# eye water



## Privyprowlerz (Jan 16, 2016)

*well, I finally broke down and bought this beauty. this bottle 
has been on my list for decades. we do a lot of digging in the 
area, and I've never even dug a broken one. 

I have it in the tumbler now buffing it up a bit. 
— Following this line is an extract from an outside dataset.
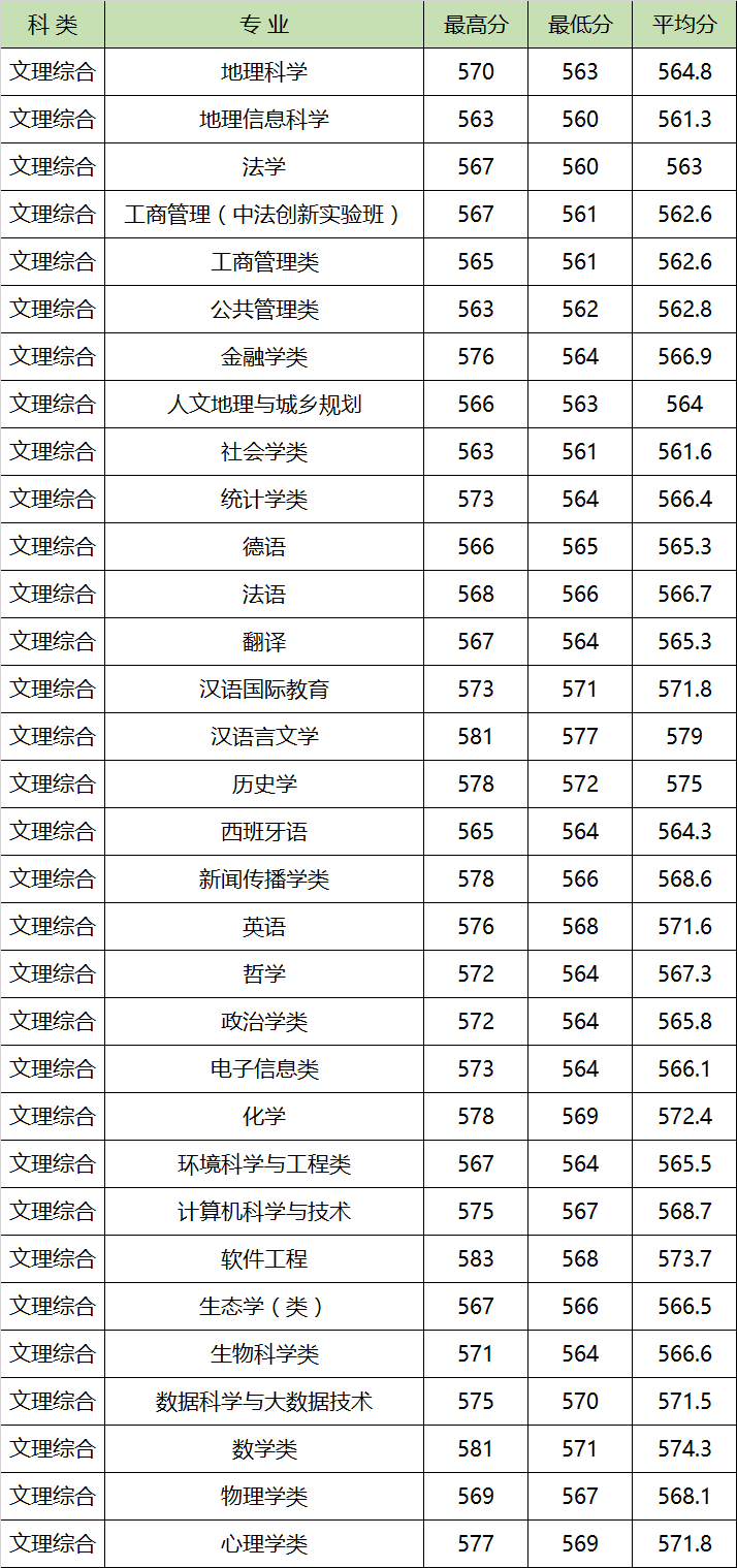 三、华东师范大学各专业录取分数线

will share a few pics later.

Jim *


----------



## Privyprowlerz (Jan 16, 2016)

There, that's better. don't want anyone getting a crink in their neck.......


----------



## andy volkerts (Jan 17, 2016)

Wow that's pretty rare!! from a town that has even changed its name, Love it, I got a Switchback cough cure from a digger from  Pennsy on e-bay that's pretty rare too.......Andy


----------



## anj2006 (Jan 17, 2016)

Thats a nice addition!  Thats going to look good on the shelf.


----------



## anj2006 (Jan 17, 2016)

I would like to get one of them!!


----------



## Privyprowlerz (Jan 18, 2016)

*the new eye water bottle came 
out of the tumbler last night. 
really nice. 

Jim *


----------



## anj2006 (Jan 18, 2016)

That came out beautiful!  Real nice!!!


----------



## Goodman (Jan 18, 2016)

Beautiful bottle !


----------